## DATA SECTION
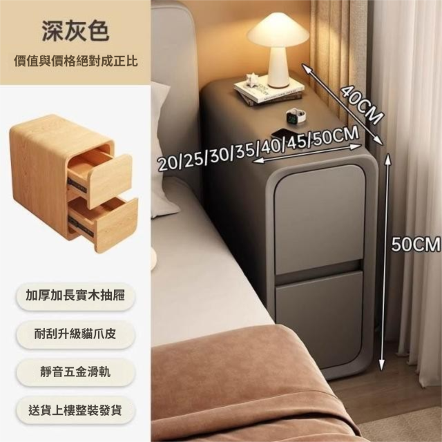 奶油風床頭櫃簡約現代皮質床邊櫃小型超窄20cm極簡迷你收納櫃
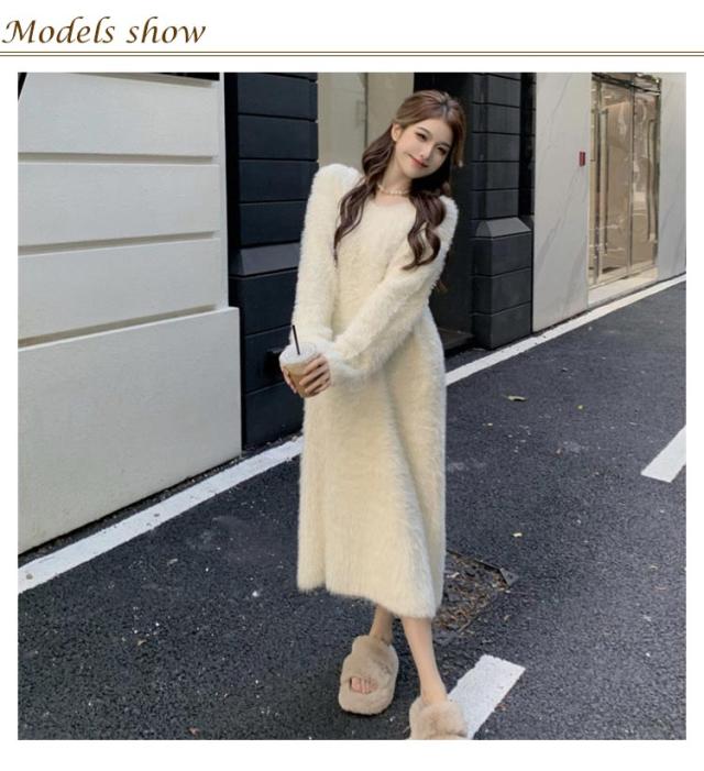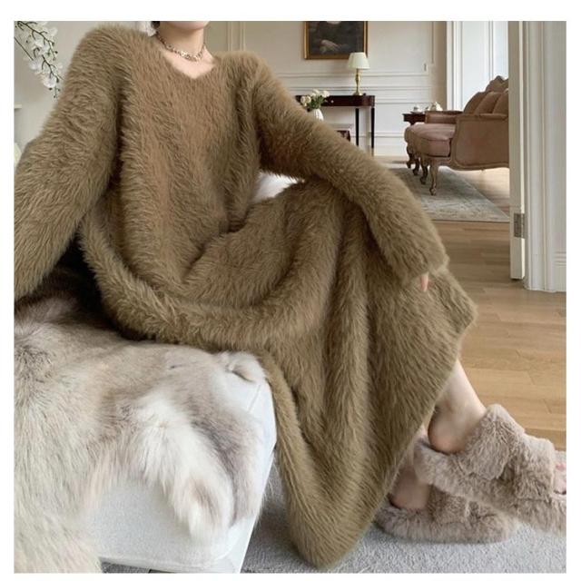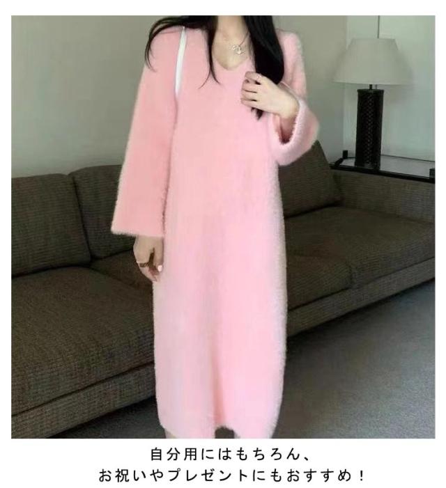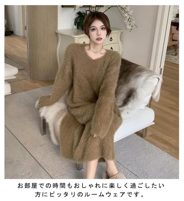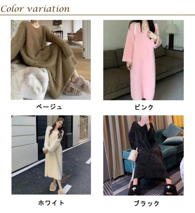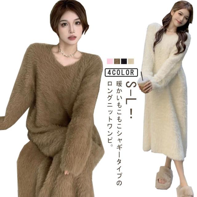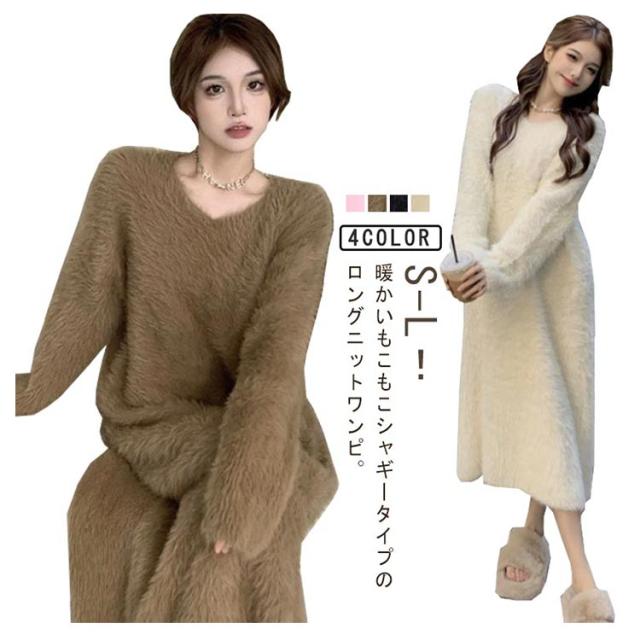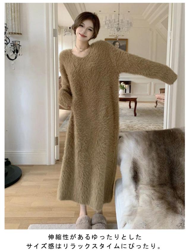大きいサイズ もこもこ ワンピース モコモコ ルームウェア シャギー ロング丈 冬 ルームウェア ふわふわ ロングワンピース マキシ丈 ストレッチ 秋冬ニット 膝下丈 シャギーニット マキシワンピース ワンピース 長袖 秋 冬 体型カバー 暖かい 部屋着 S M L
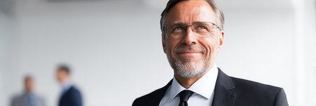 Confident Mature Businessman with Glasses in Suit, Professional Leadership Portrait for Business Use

## PROBLEM DESCRIPTION
Copy each line above exactly. Images do not belong in the copy.

## SOLUTION
 奶油風床頭櫃簡約現代皮質床邊櫃小型超窄20cm極簡迷你收納櫃
大きいサイズ もこもこ ワンピース モコモコ ルームウェア シャギー ロング丈 冬 ルームウェア ふわふわ ロングワンピース マキシ丈 ストレッチ 秋冬ニット 膝下丈 シャギーニット マキシワンピース ワンピース 長袖 秋 冬 体型カバー 暖かい 部屋着 S M L
 Confident Mature Businessman with Glasses in Suit, Professional Leadership Portrait for Business Use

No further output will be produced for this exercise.